Exercise:
Write out exactly the lines below starting at the one containing "Rows of military" and ending at the one containing "活动现场,联合国教科文组织项". Omit every picture.

Data for this task:
[Start of section]
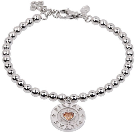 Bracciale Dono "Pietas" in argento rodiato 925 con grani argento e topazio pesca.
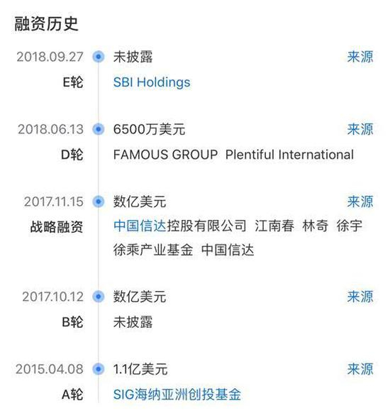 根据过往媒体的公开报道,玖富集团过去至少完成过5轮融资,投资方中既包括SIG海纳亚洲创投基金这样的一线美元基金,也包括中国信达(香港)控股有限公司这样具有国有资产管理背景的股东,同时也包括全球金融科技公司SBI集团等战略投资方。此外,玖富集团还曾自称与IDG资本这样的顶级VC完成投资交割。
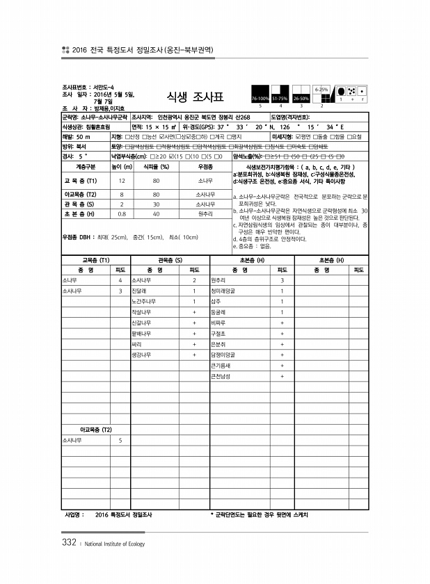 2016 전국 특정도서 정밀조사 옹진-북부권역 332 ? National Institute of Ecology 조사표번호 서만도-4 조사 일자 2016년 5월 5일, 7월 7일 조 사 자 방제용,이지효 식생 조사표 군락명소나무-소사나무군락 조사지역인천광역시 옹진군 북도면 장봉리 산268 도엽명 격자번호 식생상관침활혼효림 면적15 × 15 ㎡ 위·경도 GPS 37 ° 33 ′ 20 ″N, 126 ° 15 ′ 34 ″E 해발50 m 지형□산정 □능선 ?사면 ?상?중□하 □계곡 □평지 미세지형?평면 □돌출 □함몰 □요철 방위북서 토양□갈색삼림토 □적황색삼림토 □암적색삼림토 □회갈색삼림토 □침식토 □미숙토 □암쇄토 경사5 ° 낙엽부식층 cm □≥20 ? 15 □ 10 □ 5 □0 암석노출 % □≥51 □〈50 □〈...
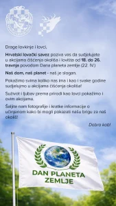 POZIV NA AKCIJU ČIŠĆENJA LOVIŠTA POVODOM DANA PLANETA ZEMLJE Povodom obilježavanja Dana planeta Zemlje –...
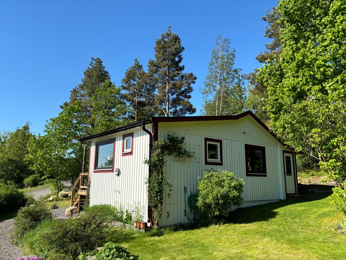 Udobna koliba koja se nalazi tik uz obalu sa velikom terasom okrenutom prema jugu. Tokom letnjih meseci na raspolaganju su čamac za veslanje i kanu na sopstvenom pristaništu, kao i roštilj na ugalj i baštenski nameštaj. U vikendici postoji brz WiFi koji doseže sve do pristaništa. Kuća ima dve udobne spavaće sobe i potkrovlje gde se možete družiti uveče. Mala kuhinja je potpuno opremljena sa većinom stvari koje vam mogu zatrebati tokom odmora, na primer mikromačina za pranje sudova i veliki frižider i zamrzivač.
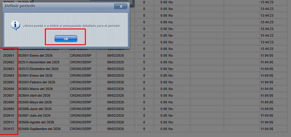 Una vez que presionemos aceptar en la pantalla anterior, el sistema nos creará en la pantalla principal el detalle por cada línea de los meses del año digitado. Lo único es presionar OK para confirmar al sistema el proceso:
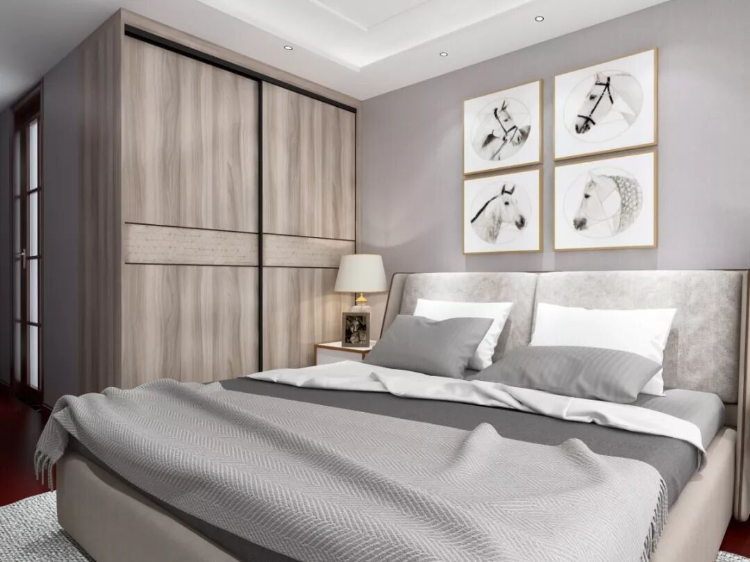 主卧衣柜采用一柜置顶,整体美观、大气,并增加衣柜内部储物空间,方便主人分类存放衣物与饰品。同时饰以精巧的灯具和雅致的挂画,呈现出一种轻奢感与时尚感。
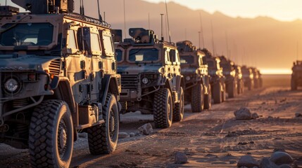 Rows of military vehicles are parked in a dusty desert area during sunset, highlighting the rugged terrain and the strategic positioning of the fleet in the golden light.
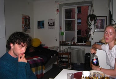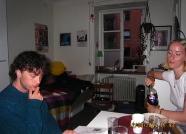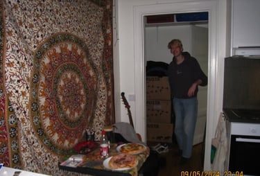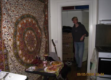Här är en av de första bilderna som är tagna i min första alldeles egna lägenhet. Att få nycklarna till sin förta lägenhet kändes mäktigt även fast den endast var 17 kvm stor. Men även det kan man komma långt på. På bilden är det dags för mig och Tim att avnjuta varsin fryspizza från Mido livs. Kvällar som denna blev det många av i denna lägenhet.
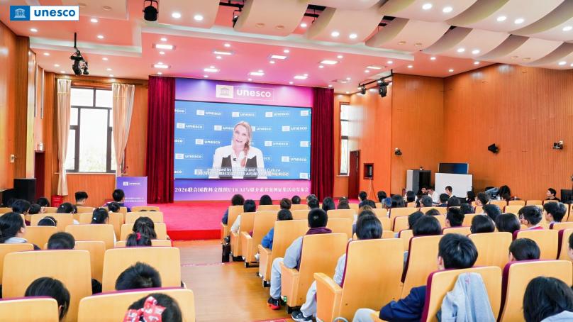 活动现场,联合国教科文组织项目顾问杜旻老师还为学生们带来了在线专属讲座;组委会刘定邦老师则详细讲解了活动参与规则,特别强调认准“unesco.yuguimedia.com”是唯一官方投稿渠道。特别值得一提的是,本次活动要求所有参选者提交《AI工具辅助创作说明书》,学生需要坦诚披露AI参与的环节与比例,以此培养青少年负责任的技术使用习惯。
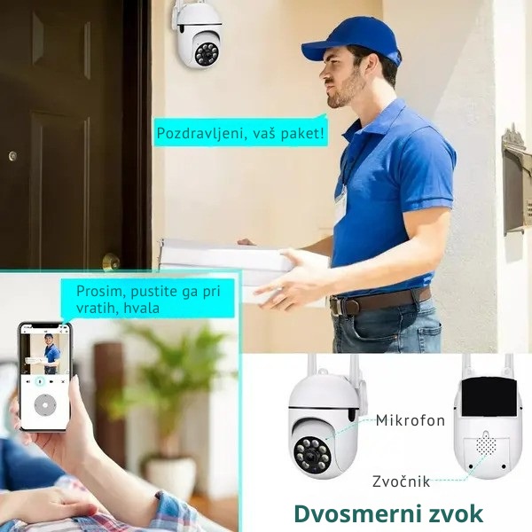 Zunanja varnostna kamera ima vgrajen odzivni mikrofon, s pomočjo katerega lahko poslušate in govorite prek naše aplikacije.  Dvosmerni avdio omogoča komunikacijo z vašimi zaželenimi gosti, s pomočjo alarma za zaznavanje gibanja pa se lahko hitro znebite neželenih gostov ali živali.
[End of section]
Reply to the task:
 Rows of military vehicles are parked in a dusty desert area during sunset, highlighting the rugged terrain and the strategic positioning of the fleet in the golden light.
Här är en av de första bilderna som är tagna i min första alldeles egna lägenhet. Att få nycklarna till sin förta lägenhet kändes mäktigt även fast den endast var 17 kvm stor. Men även det kan man komma långt på. På bilden är det dags för mig och Tim att avnjuta varsin fryspizza från Mido livs. Kvällar som denna blev det många av i denna lägenhet.
 活动现场,联合国教科文组织项目顾问杜旻老师还为学生们带来了在线专属讲座;组委会刘定邦老师则详细讲解了活动参与规则,特别强调认准“unesco.yuguimedia.com”是唯一官方投稿渠道。特别值得一提的是,本次活动要求所有参选者提交《AI工具辅助创作说明书》,学生需要坦诚披露AI参与的环节与比例,以此培养青少年负责任的技术使用习惯。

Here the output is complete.